事起
秋日渐移,庭院中的矮梧桐簌簌落叶。
云楼添了件衣裳,觉得无聊就在庭院里散步。但窄窄的一条路不断有下人端着东西路过,实在是没有耐心了就开口问随身的芭蕉
云楼:“这一大早的走来走去到底怎么一回事?”
小丫鬟:奴婢也不知道,只知道是将军置办的
云楼:多久的事了
小丫鬟:大约五日了
我竟然一点都不知道。
云楼:“回雪院吧,等将军下朝回府了告诉我。”
小丫鬟:是
搬来躺椅放在院子里,拿个毯子盖着准备睡个回笼觉,瞬间感觉到了老年生活。每天都是睡觉散步睡觉散步,这古代的生活啊,也真是无趣。
秋风小,阳光融融。枯叶飘落纷飞,坠落在地上。
睡意朦胧时,有陌生的记忆入侵,画面漂浮,能恍惚看见姐姐的模样。
姐姐坐在小亭中,一袭灰色纱裙躺坐,身姿曼妙。温酒听雨教我下棋,在我打哈欠的时候还笑着怪我不用功。
睡意袭来,眼皮逐渐变重,天地昏暗,只觉温热的泪水凝聚成珠,划过面庞,灼伤耳廓。
为什么杀害姐姐的人还开开心心的过着每一天,不觉悔改。
林抚尘,你当真一点都不觉得内疚。

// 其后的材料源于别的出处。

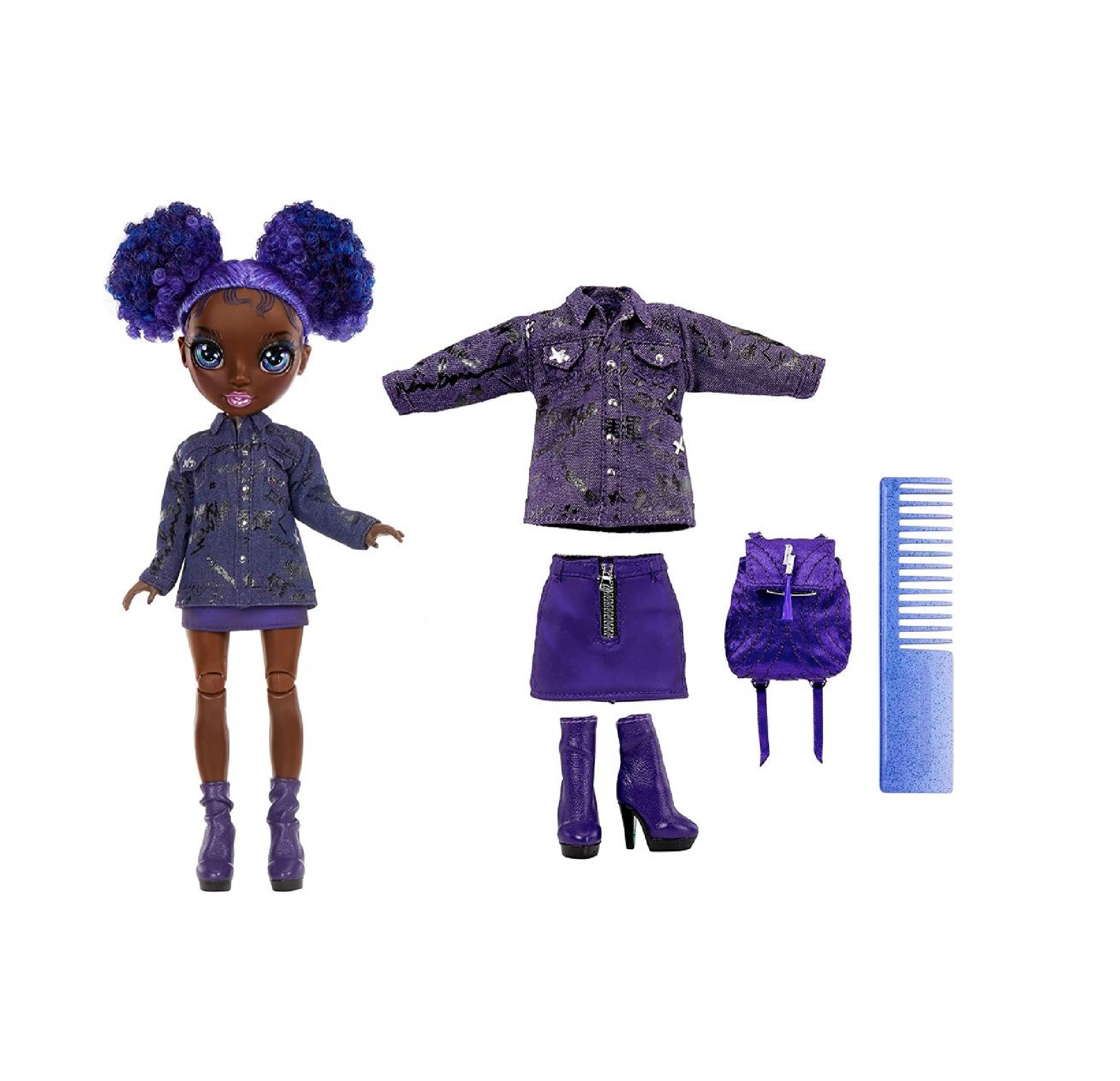 Krystal Bailey di Rainbow High è la bambola che ispira creatività e sogni! Vesti in un elegante completo viola dalla testa ai piedi, Krystal sogna di diventare redattrice capo per una rivista d'arte. Con i suoi splendidi capelli ricci in due chignon e occhi scintillanti, questa bambola è perfetta per chi ama la moda. Indossa una giacca di jeans con borchie, una gonna viola, stivaletti e vari accessori, incluso uno zaino in morbido raso che si apre e si chiude. Krystal è completamente articolata e snodabile, permettendole di assumere pose glamour. La bambola è accompagnata da un pettine, calzini, fiocco per capelli e un telefono per le sue interviste improvvisate. Aggiungila alla tua collezione Rainbow High e fai volare la tua immaginazione!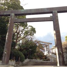 大きな鳥居と幅広い階段 重厚感のある第一印象。横浜総鎮守にふさわしく高台にある境内はすがすがしく みなとみらい地区のそばにあるとはおもえない。シンプルな本殿は間口が開放的でした。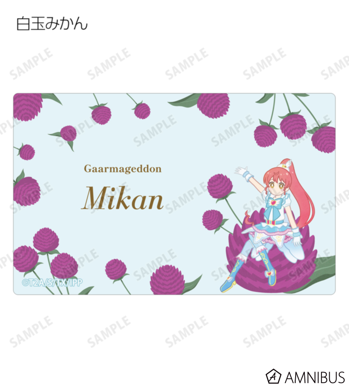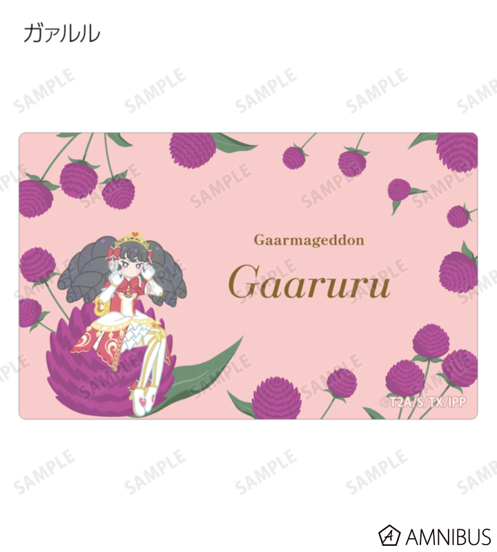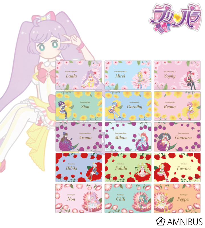 真中らぁら、南みれぃ、北条そふぃ、東堂シオン、ドロシー・ウェスト、レオナ・ウェスト、黒須あろま、白玉みかん、ガァルル、紫京院ひびき、ファルル、緑風ふわり、真中のん、月川ちり、太陽ペッパーのイラストをボタニカルデザインに落とし込んで繊細なタッチで新たに描き起こし、カードステッカーに仕上げました。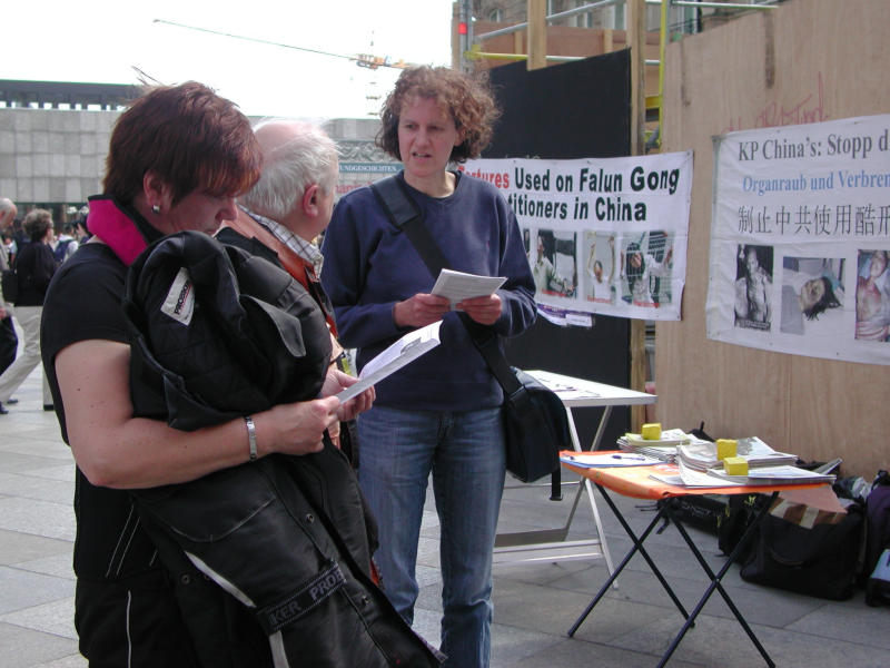 一个德国人走过真相展台说:迫害法轮功的事几年前我就知道了,现在还继续着,真是不可思议。看来得给这里的政治家们施加点压力了,他们不能总是不痛不痒地和中国(中共专制政权)谈一谈就完事了。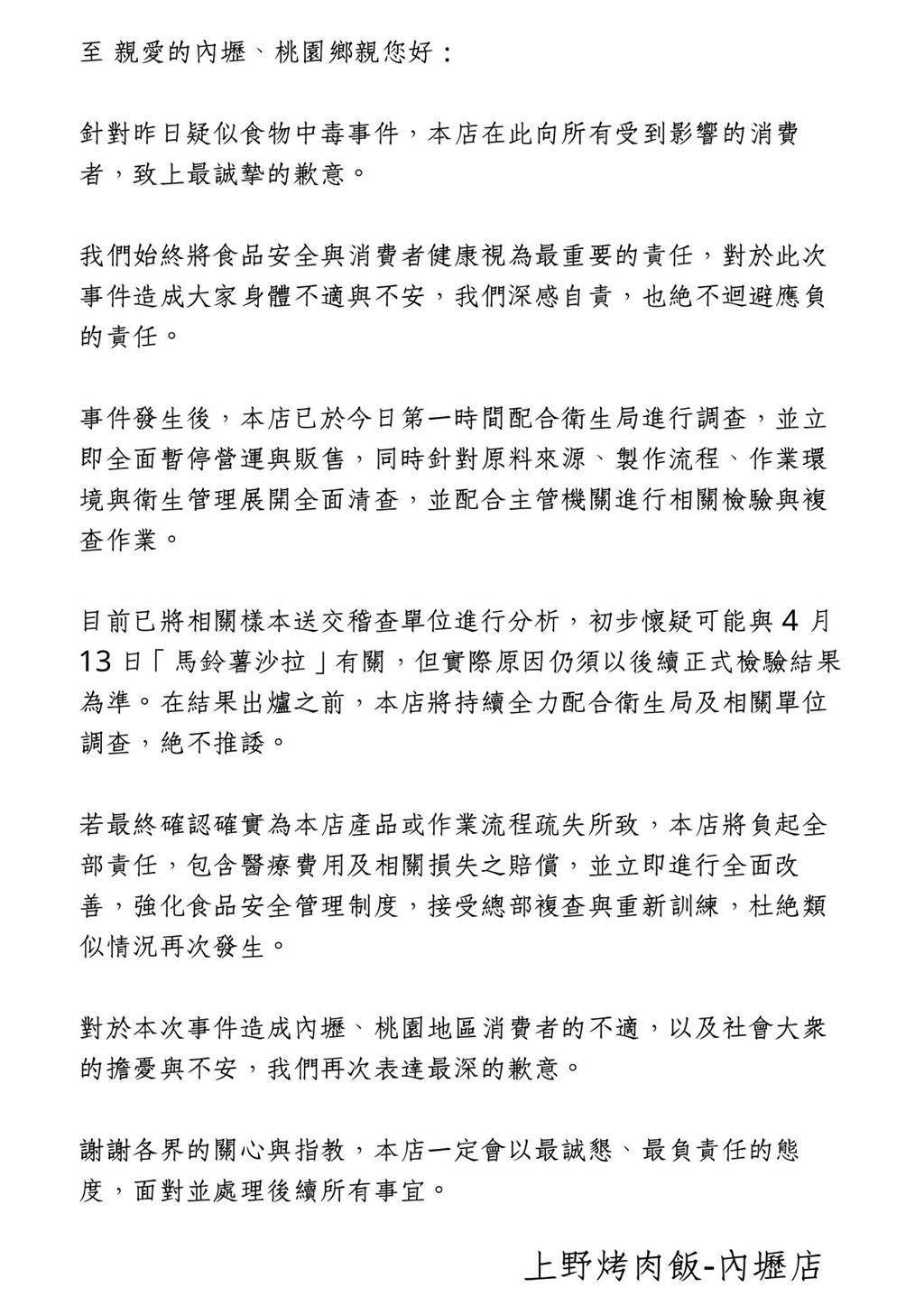 åºæ¹å¼·èª¿ï¼é£åè顧客å¥åº·æ¯é¦è¦è²¬ä»»ï¼å°æ¼æ¤æ¬¡äºä»¶é ææ¶è²»çä¸é©æ·±æèªè²¬ï¼ä¸¦è¡¨ç¤ºå°ååè¡çå±ç調æ¥ãäºä»¶ç¼çå¾ï¼åºå®¶å·²å³å»æ«åçéï¼ä¸¦å°åæä¾æºãè£½ä½æµç¨åè¡ç管çé²è¡æª¢æ¥ã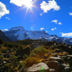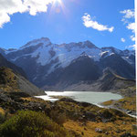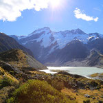 die Landschaft zu bewundern. Ich fühle mich wie ein kleiner Hobbit in dieser atemberaubenden Natur. Am Aoraki Mount Cook wandere ich ein bisschen im Hooker Valley. Was für ein schöner Tag!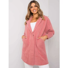 Růžový huňatý kabát z alpaky.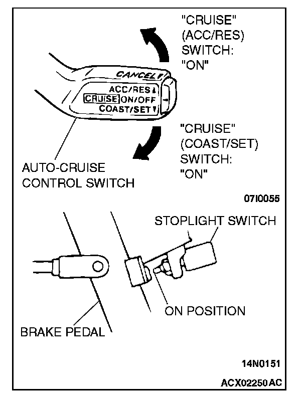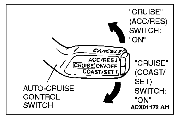 1. Turn the ignition switch to the "ON" position while holding the auto-cruise control switch down to the "COAST/SET" position. Then, within one second, more the cruise control switch up to the "ACC/RES" position.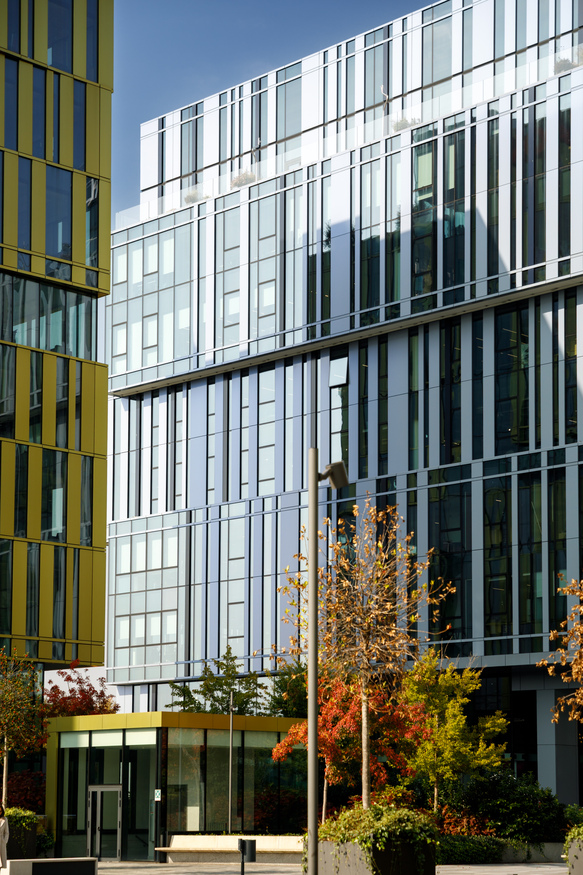 L’edificio, sviluppato su 9 piani per un totale di 13.000 mq, è stato progettato per garantire i più alti standard di sostenibilità ambientale e innovazione tecnologica, e si distingue per una facciata continua che alterna superfici vetrate a elementi opachi in metallo. Con le sue terrazze panoramiche, i percorsi pedonali e le aree verdi, il complesso, che già ospitava le sedi di AON e NTT Data, si inserisce in un tessuto urbano che vive di giorno grazie agli uffici e la sera grazie agli studenti, diventando uno dei luoghi più vitali della Barona.

要是你觉得自己有一点点错误,心存愧疚,我就放过你啊。
爱恨交织的煎熬,要怎样才能回避啊。
秋风吹黄叶,飘摇到身上。
蕉叶焦急的叫醒云楼,眉心紧蹙。
小丫鬟:“夫人夫人,将军来啦!”
但语气却不是惊喜开心,而是担忧紧张。
她从梦中闻声惊醒,快速起身揉了揉困倦的睡眼,整理衣裳。还没问丫鬟为何这样惊慌,林抚尘就闯进院中了。
来势汹汹。
云楼:“蕉叶,你去找芭蕉吧。我和将军单独谈话。”
看林抚尘的面色就知道肯定是我又做错哪里了,可是,我似乎还没有见过他这么生气。
云楼:“将…”
我还没有施礼,他的质问就下来了。
林抚尘:“你昨晚一直在府里吗!”
心咯噔地跳了一下,我没想到这件事竟然可以这么快就牵扯到我的头上来。
云楼:“我出去过一会儿。”
我并没有打算隐瞒或者欺骗林抚尘,因为这件事我从来都不觉得自己有任何错误。
林抚尘一把抓住我的左手腕,力道很大,周围都在泛白。我身体猛的一个激灵,退后了一步。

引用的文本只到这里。